Human-Curated Agent Skills: The 52% Performance Edge AI Can’t Generate

高效码农

2 months ago

SkillsBench Deep Dive: Why Human-Crafted Agent Skills Dramatically Outperform AI-Generated Ones

Core Question: Of the tens of thousands of AI Agent Skills currently available on the market, how many actually deliver value? How can we distinguish a useful skill from a useless one, and what are the best practices for optimization?

The capability boundaries of AI Agents are constantly being expanded by modular knowledge packages known as “Skills.” However, an awkward reality persists: among the tens of thousands of available skills, only a precious few are truly effective. A comprehensive new study, SkillsBench, involving 7,308 rigorous test trajectories, reveals that human-curated skills can boost task success rates by up to 51.9%, while skills spontaneously generated by models offer almost zero value—and can even be detrimental. This is not merely a technical issue; it is a fundamental rethinking of the nature of knowledge engineering.

I. When AI Meets “Skills”: A Concept Fraught with High Expectations

What Exactly Are Agent Skills?

First, we must clarify a critical concept: Agent Skills are not simple prompt words or tool documentation.

A qualified Skill is a structured knowledge package that must satisfy four criteria simultaneously: it provides procedural guidance (how to do, not what is), it applies to a class of tasks rather than a single instance, it possesses structured components (such as a SKILL.md file and optional resources), and it maintains portability across models and frameworks. This fundamentally distinguishes them from system prompts, few-shot examples, RAG retrievals, or tool documentation.

You can visualize the foundation model as the CPU, the agent framework as the operating system, and Skills as the applications installed on top—they provide specialized procedures for specific domains on top of general capabilities.

Explosive Growth vs. The Value Dilemma

The skill ecosystem has experienced explosive growth. The total number of skill packages from open-source communities, the Claude Code ecosystem, and enterprise partners has reached 47,150, covering software engineering, data analysis, and even enterprise workflows.

However, behind this prosperity lies a profound crisis of trust. In the SkillsBench evaluation, the effectiveness of this massive volume of skills was not verified. More concerning is that while 60%-80% of existing skills are concentrated in the software engineering domain, high-quality skills are severely lacking in vertical fields like healthcare, manufacturing, and finance. This ecological imbalance implies that when AI truly enters these high-value professional scenarios, it may face a situation where “no skills are available.”

“

Industry Insight: It is unsurprising that the majority of skills are tech-centric. The technical community has a strong culture of open-source sharing. However, the real opportunity lies in bridging the gap for non-technical sectors. Teaching professionals in legal, medical, and manufacturing fields to codify their expertise into skills will be a high-value endeavor in the coming years.

II. SkillsBench: How to Scientifically Test if a Skill is Truly Useful?

Core Question: How do we build a benchmarking framework that fairly and accurately evaluates the intrinsic value of a skill?

Previous agent benchmarks (like SWE-bench or WebArena) primarily evaluated the raw capabilities of models or agents in specific environments. They answered the question: “How does this model/agent perform on Task X?” SkillsBench, however, treats the skill itself as a first-class evaluation object, aiming to answer a more critical question: “What is the contribution of Skill Y to the performance on Task X?”

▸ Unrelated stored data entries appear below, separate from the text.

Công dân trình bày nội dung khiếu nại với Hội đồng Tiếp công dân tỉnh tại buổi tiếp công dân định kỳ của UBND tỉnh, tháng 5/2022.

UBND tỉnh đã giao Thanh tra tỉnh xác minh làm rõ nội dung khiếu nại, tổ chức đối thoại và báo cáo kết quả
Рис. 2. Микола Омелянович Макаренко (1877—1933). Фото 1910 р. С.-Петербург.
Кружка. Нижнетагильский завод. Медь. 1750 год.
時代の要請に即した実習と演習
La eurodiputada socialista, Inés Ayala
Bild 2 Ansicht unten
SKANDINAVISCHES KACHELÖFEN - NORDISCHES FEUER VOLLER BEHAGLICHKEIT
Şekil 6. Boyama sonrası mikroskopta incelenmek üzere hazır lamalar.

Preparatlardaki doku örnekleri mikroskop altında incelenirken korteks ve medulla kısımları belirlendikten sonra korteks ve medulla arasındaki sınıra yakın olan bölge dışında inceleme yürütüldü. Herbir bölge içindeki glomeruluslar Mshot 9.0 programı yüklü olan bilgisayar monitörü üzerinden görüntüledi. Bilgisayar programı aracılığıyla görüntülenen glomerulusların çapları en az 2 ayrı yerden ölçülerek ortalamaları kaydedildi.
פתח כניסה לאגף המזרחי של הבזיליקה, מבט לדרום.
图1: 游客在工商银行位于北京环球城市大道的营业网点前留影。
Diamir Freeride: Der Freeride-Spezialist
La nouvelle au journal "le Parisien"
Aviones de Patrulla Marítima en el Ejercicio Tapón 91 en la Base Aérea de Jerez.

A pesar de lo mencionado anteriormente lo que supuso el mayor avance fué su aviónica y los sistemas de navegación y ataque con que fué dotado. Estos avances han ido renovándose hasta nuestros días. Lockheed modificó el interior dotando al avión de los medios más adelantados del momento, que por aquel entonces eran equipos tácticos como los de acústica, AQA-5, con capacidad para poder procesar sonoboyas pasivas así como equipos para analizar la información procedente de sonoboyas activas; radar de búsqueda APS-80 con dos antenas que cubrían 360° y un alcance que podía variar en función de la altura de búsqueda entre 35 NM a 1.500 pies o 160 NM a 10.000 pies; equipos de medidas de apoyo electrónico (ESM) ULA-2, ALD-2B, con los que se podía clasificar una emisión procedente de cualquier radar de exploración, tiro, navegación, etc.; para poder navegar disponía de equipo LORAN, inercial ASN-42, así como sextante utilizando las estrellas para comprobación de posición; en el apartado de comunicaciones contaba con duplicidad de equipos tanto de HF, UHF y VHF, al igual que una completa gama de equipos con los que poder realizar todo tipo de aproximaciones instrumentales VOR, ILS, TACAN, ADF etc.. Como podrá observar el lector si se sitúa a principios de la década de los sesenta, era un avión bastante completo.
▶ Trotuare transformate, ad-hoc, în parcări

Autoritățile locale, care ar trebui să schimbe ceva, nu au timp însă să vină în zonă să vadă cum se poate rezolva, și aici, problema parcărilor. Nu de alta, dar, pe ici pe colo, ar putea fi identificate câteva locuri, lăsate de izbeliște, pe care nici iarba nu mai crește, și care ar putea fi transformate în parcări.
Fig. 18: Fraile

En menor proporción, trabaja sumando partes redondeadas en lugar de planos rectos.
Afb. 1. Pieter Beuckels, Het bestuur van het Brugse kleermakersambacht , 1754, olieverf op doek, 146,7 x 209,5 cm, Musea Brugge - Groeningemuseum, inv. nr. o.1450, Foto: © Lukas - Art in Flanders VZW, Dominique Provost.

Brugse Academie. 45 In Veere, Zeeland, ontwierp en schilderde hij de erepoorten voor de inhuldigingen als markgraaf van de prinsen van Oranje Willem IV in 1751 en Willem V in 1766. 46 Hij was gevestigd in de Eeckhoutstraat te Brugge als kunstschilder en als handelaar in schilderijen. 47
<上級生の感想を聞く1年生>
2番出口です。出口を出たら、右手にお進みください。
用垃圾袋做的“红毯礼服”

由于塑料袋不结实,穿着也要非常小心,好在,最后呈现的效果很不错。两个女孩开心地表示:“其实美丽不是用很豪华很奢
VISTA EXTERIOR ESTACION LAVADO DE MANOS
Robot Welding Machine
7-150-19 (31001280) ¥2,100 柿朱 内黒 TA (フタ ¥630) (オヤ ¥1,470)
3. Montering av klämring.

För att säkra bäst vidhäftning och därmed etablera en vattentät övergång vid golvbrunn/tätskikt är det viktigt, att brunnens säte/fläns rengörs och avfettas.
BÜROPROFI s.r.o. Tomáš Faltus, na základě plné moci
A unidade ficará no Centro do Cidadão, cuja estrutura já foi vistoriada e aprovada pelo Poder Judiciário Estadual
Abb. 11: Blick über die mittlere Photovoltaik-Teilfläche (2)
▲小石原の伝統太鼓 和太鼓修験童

A Three-Layer Control Experiment: Validating Skill Value

The core methodology of SkillsBench is a paired control experiment. Each task is tested under three strictly distinct conditions:

No Skills: The agent receives only the task instruction with no skill packages in the environment. This represents the agent’s baseline raw capability.
Curated Skills: The environment contains skill packages written by domain experts, having undergone strict review and deduplication. This tests the potential value of skills in an ideal state.
Self-Generated Skills: No external skills are provided, but the agent is required to generate the procedural knowledge it deems useful before starting the task. This tests the model’s ability to utilize its implicit knowledge to generate skills.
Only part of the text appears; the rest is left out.